Thus far, we've produced only approximate-sized random samples without replacement. Now, we'll turn our attention to three examples that illustrate how to produce exact-sized random samples without replacement. We'll start (naturally?!) with the most complicated procedure first (using a DATA step) and end up with the most straightforward procedure last (using the SURVEYSELECT procedure).

## Example 34.4

The following program illustrates how to use a SAS data step to obtain an exact-sized random sample without replacement. Specifically, the program uses the ranuni function in a DATA step to tell SAS to randomly sample exactly 15 of the 50 observations from the permanent SAS data set mailing:

DATA sample2;
set stat482.mailing nobs=total;
if _N_ = 1 then n=total;
retain k 15 n;
random = ranuni(860244);
propn = k/n;
if random le propn then
do;
output;
k=k-1;
end;
n=n-1;
if k=0 then stop;
RUN;

PROC PRINT data=sample2 NOOBS;
title1 'Sample2: Exact-Sized Simple Random Sample';
title2 'without Replacement';
var num name n k random propn;
RUN;

Launch and run the SAS program. Then, review the resulting output to convince yourself that the code did indeed select a sample of 15 observations from the mailing data set.

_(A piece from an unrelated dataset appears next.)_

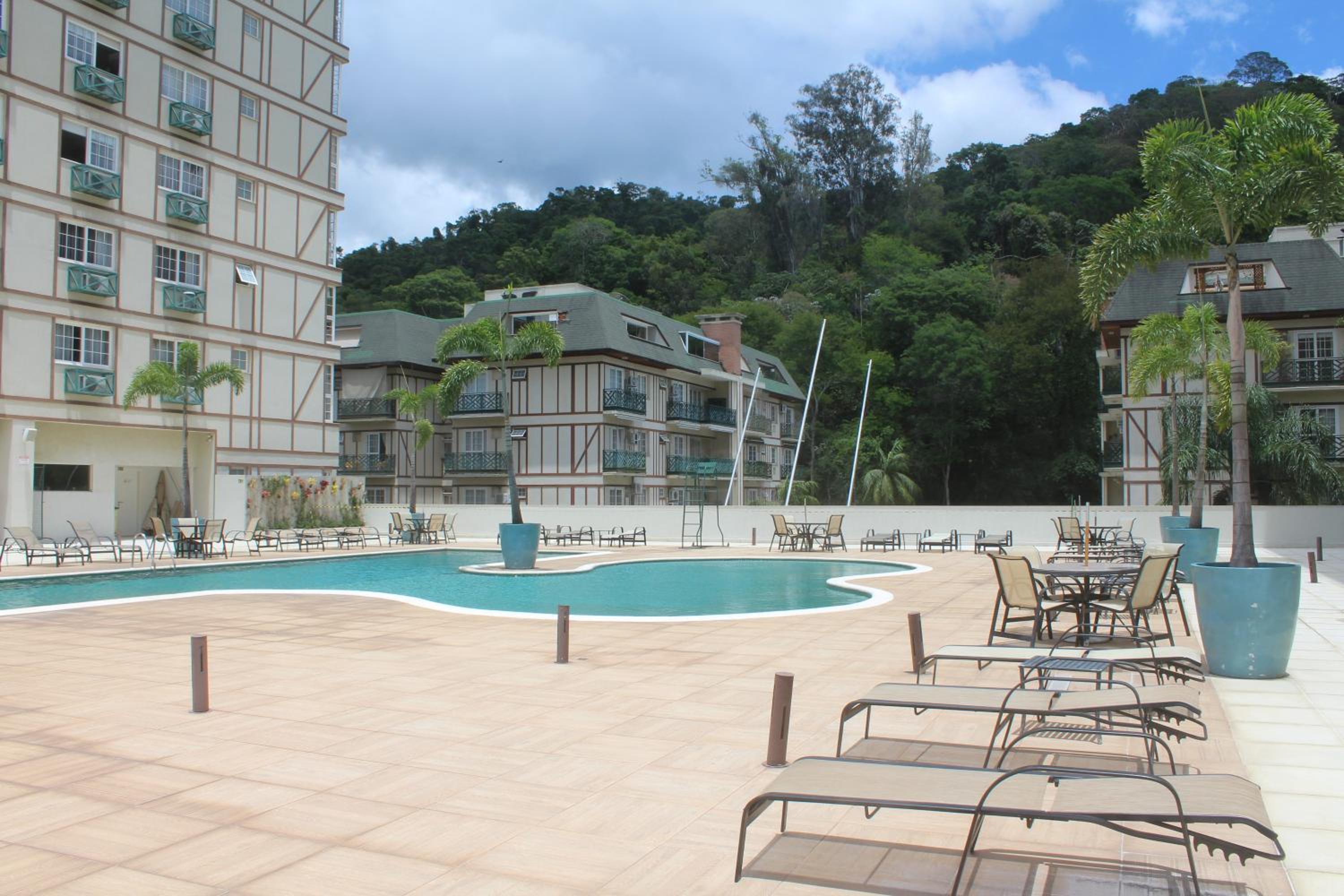 Experience comfort and relaxation at Flat Aconchegante - Granja Brasil Resort - Itaipava with air-conditioned rooms and a heated pool for your enjoyment.

In summary, here's the approach used to select the sample:

• For each observation in the data set, generate a uniform random number.
• Select the first observation in the original data set for inclusion in the sample if its random number is less than or equal to the proportion of records needed (15 of 50, or 0.30).
• Modify the proportion still needed in the sample. Here, it is 14/49 if the first observation was selected for the sample; and it is 15/49 if it was not. If the random number generated for the second observation is less than or equal to this proportion, include it in the sample.
• Continue this process until you have selected exactly 15 observations.

Now, how to accomplish this approach using the SAS DATA step? Here's how we did it step-by-step:

k = the number of observations needed to complete the sample.
n = the number of observations left to read from the original data set.

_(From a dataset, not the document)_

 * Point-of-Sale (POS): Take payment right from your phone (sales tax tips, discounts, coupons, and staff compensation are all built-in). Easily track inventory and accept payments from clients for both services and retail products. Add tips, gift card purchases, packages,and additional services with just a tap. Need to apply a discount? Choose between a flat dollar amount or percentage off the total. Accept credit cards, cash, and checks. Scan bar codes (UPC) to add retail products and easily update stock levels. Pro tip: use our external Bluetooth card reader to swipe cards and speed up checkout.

• Define two variables k and n, where:
• Using the NOBS= option of the SET statement, determine the number of observations in the stat482.mailing data set and assign the value to a variable called total. In general, the NOBS= option creates and names a temporary variable whose value is the total number of observations in the data set specified in the SET statement.
• For the first observation, that is, when the automatic variable _N_ equa1s 1, set the variable n to the value of the variable total (here, 50). (Recall that automatic variables are created automatically by the DATA step, are added to the program data vector, but are not output to the data set being created. The values of automatic variables are retained from one iteration of the DATA step to the next, rather than set to missing. The automatic variable _N_ is initially set to 1. Each time the DATA step loops past the DATA statement, the variable _N_ increments by 1. The value of _N_ represents the number of times the DATA step has iterated, and often equals the number of observations in the output data set.)
• Using the RETAIN statement, initialize k to 15, the number of observations desired in the final sample.
• Use the ranuni function (starting with a seed of 860244) to generate a uniform random number between 0 and 1. Use k and n to determine the proportion of observations that still needs to be selected from the mailing data set.
• If the random number generated is less than the proportion of observations still needed, then OUTPUT the observation to the output data set. When an observation is selected, reduce the number of observations still needed in the sample by 1 (that is, k = k-1).
• At the end of each iteration of the DATA step:
• reduce the number of observations left in the mailing data set by 1 (n = n - 1)
• determine if the sample is complete (is k = 0?). If yes, tell SAS to STOP. In general, the STOP statement tells SAS to stop processing the current DATA step immediately and resume processing statements after the end of the current DATA step.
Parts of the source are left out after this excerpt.